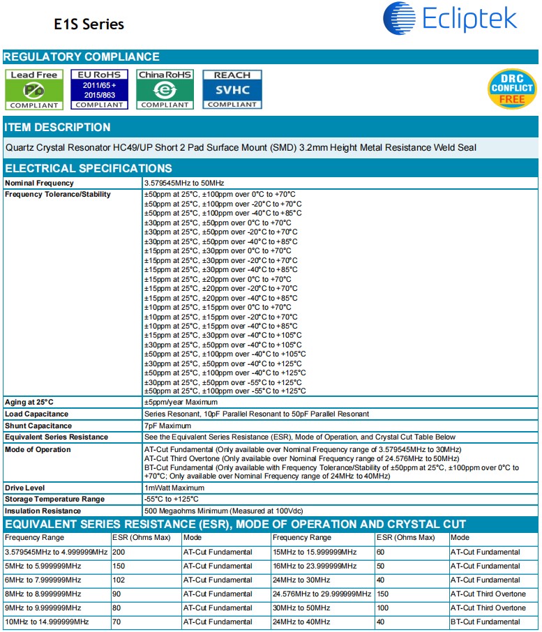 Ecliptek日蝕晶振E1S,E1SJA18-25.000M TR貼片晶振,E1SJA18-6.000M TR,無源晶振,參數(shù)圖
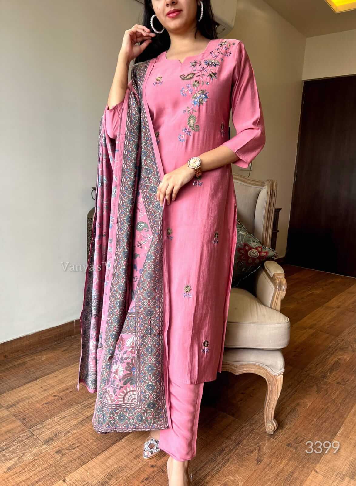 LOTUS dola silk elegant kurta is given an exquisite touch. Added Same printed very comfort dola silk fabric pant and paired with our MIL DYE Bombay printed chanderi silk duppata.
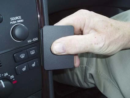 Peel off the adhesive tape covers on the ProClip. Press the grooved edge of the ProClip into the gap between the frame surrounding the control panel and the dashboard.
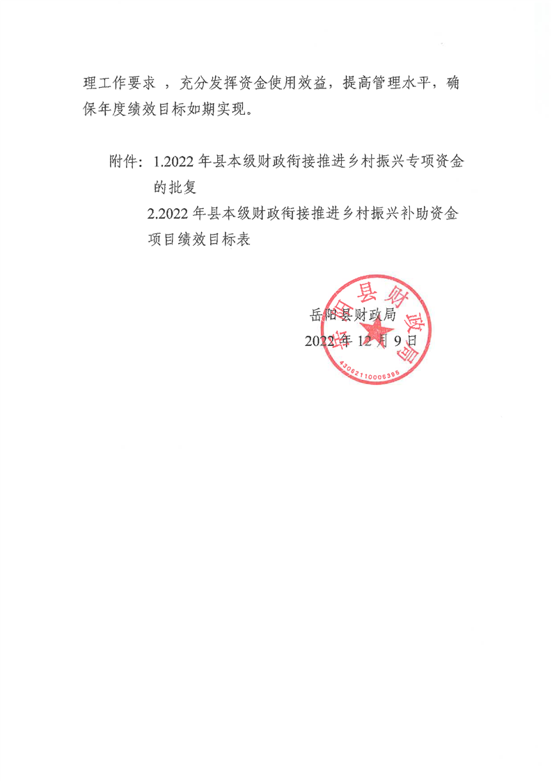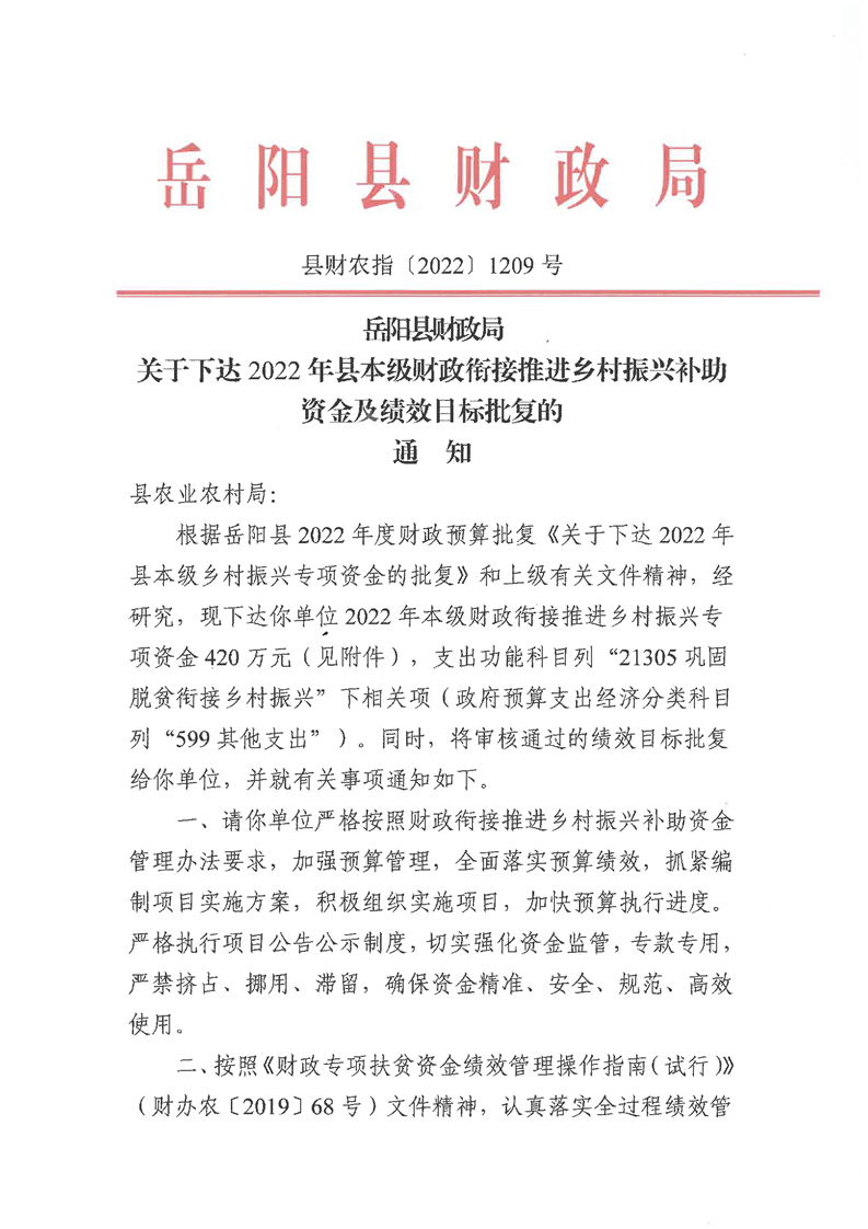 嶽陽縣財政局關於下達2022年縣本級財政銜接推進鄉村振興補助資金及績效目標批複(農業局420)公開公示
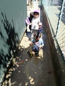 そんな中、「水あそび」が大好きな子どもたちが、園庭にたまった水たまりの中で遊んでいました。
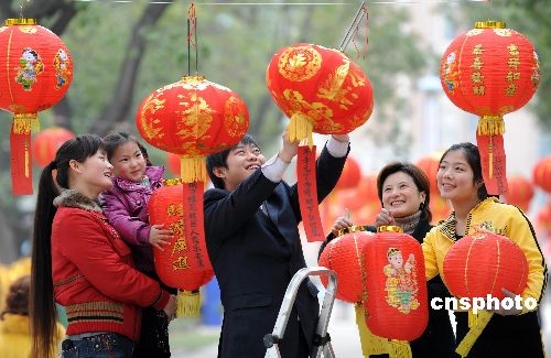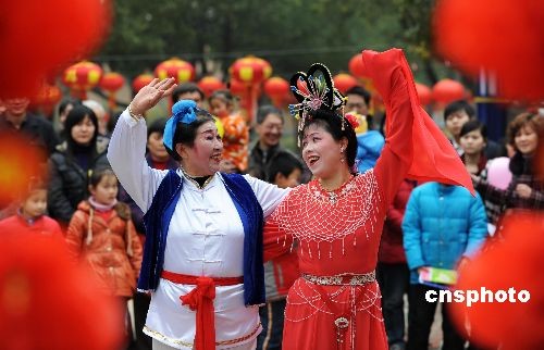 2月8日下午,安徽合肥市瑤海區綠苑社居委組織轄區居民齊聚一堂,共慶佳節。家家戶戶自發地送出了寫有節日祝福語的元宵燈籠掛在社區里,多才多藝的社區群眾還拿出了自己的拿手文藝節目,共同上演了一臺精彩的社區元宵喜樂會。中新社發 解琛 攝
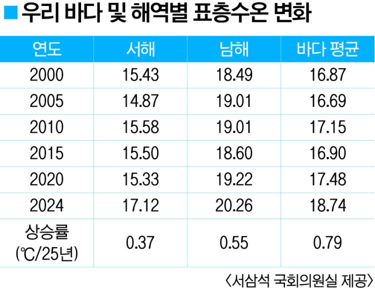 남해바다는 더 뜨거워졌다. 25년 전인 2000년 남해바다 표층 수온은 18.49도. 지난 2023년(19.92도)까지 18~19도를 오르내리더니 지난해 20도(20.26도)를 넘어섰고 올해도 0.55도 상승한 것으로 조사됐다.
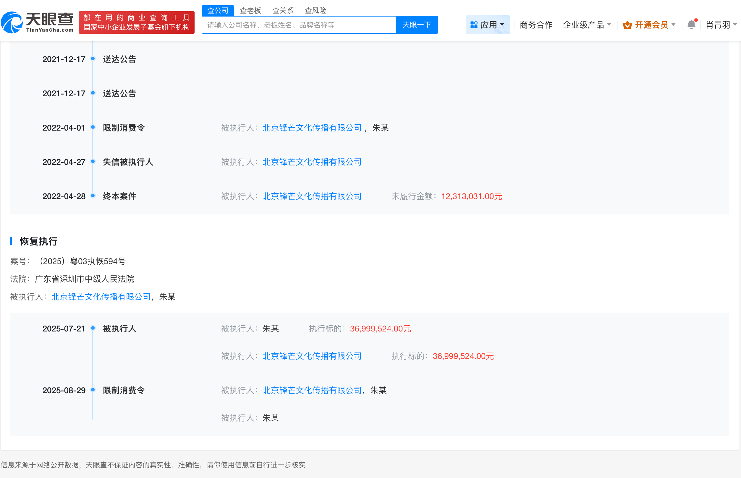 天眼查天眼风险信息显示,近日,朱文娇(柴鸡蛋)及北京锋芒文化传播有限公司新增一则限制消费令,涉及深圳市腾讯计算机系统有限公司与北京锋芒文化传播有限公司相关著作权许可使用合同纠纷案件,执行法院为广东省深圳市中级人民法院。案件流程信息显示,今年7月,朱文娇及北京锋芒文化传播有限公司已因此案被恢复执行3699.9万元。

.....

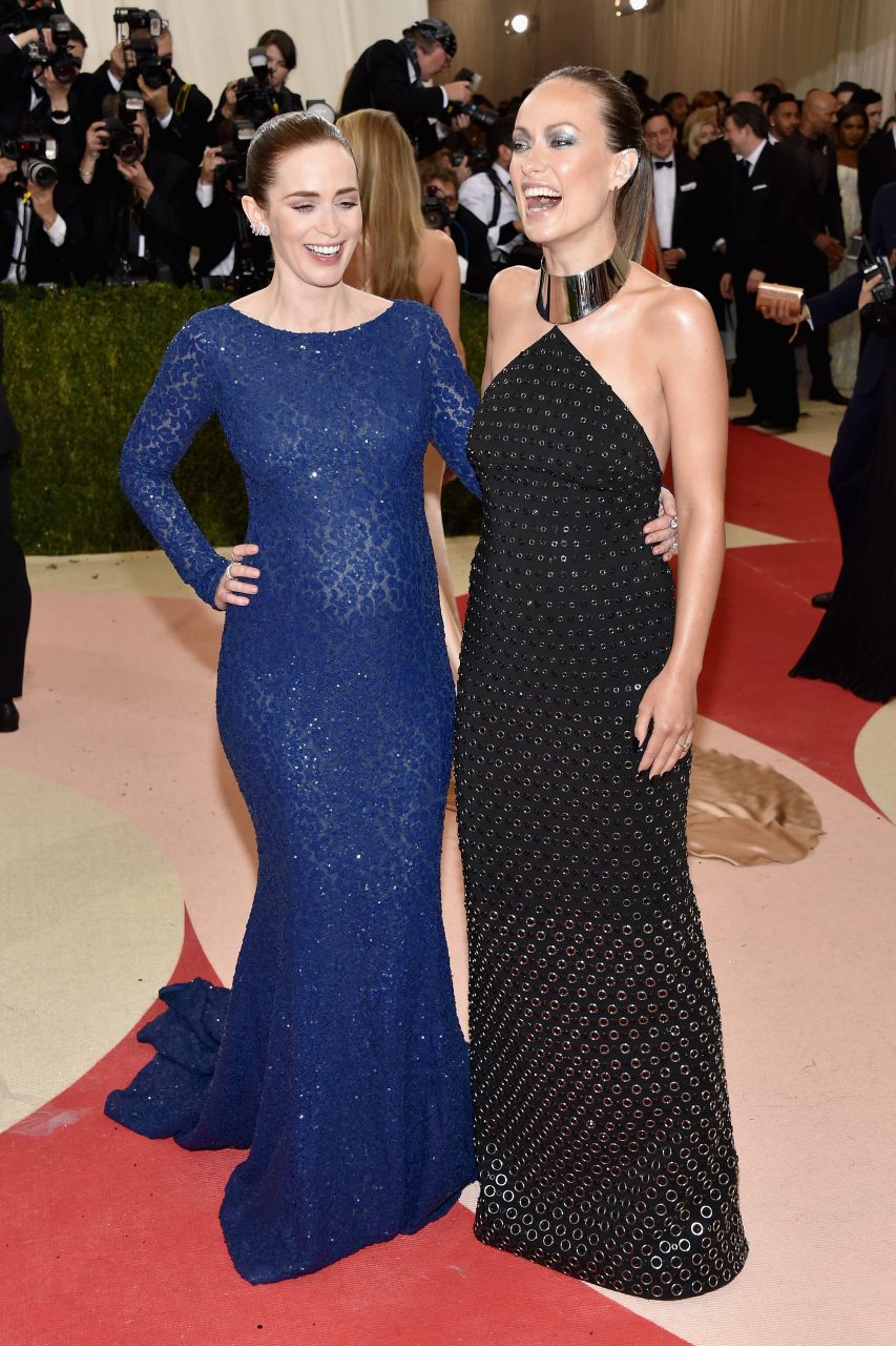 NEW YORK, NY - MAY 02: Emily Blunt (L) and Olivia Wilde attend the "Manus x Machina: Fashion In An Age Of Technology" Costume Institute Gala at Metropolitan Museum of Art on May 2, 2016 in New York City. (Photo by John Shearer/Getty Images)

.....

*Task to complete*. In the entries above, find the line containing "남해바다는 더 뜨거워졌다." and the line containing "天眼查天眼风险信息显示,近日"; give again exactly those two lines and every line between them, minus the pictures.

*Response to the exercise*.
 남해바다는 더 뜨거워졌다. 25년 전인 2000년 남해바다 표층 수온은 18.49도. 지난 2023년(19.92도)까지 18~19도를 오르내리더니 지난해 20도(20.26도)를 넘어섰고 올해도 0.55도 상승한 것으로 조사됐다.
 天眼查天眼风险信息显示,近日,朱文娇(柴鸡蛋)及北京锋芒文化传播有限公司新增一则限制消费令,涉及深圳市腾讯计算机系统有限公司与北京锋芒文化传播有限公司相关著作权许可使用合同纠纷案件,执行法院为广东省深圳市中级人民法院。案件流程信息显示,今年7月,朱文娇及北京锋芒文化传播有限公司已因此案被恢复执行3699.9万元。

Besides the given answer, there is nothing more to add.